Authors: M. Klobukowski
Program title: 0001 ADAPT HFS FOR MSXALPHA
Catalogue identifier: ACQI_v1_0
Distribution format: gz
Journal reference: Comput. Phys. Commun. 25(1982)29
Programming language: Fortran.
Computer: AMDAHL 470/V7.
Operating system: MTS.
RAM: 76K words
Word size: 8
Peripherals: disc.
Classification: 2.1.

Nature of problem:
The adaptation allows one to prepare the numerical atomic orbitals data to be used by the new version of the SCF Xalpha scattered wave program MSXALPHA/II. The output file produced by the present adaptation conforms to the data requirement of that program.

Solution method:
The Hartree-Fock-Slater calculations are carried out for all the unique atoms of the molecule to be treated later by the MSXALPHA/II program. The atomic results are next restored from work files and rearranged into a form suitable for input to the MSXALPHA/II program.

Restrictions:
Due to dimensions of some arrays in subroutine MSINPT a maximum of 10 unique atoms may be treated.
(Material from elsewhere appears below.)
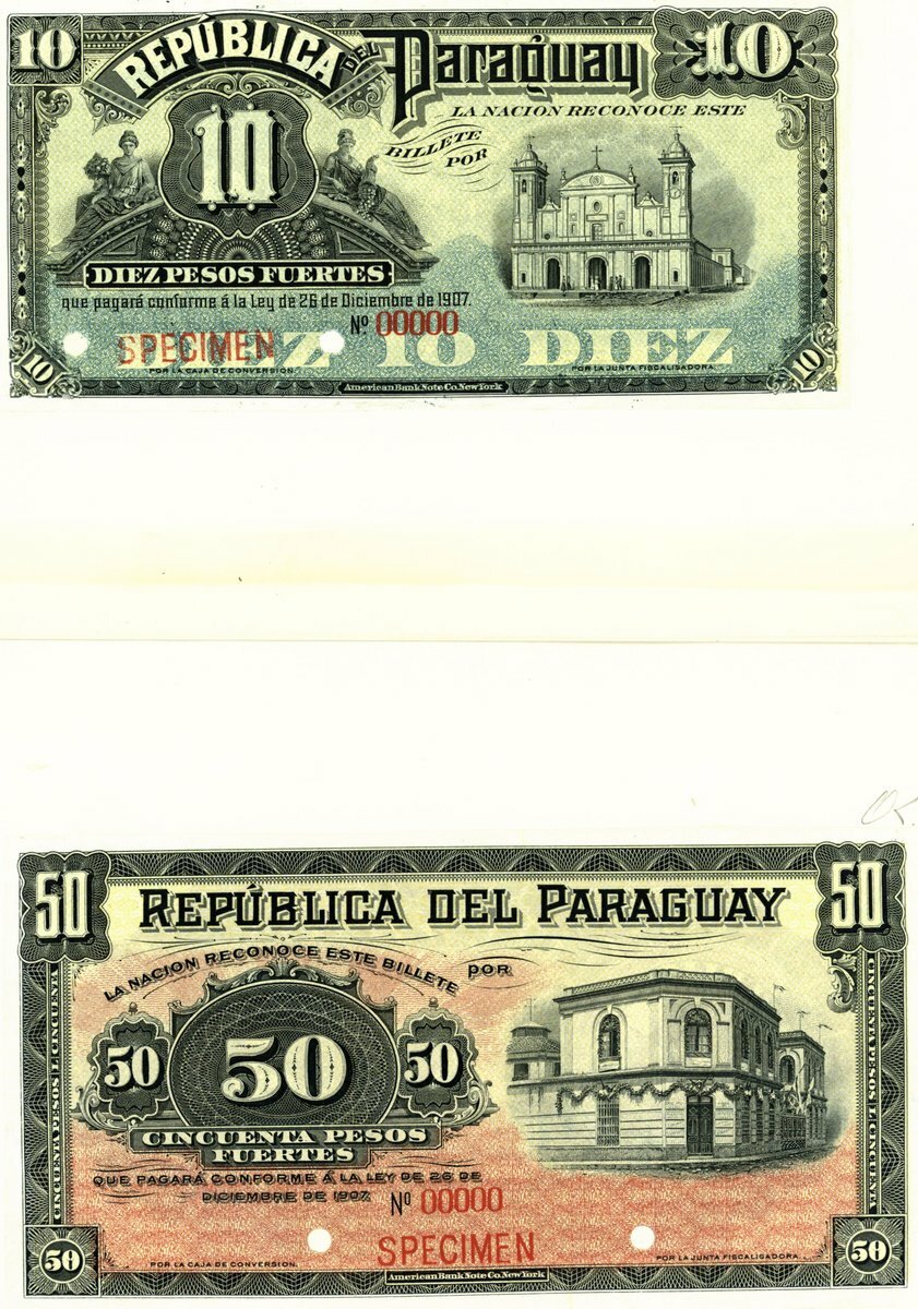 (x) Republica del Paraguay, obverse proofs for 10 and 50 pesos fuertes, 26 December 1907, zero serial numbers, (Pick 119p, 121p), both mounted on card with damage to card mounted, design unaffected (2 notes)

However, this restriction may be easily removed by increasing the array dimensions. Other restrictions (maximum number of orbitals per atom, maximum number of integration points) are the same as those in the original program ACQI.

Running time:
The CPU time required to compile the modified program was 6.3 s(FORTRAN H compiler). It took 2.7 s of CPU time to run the first test run, and 3.3 s to run the second test run.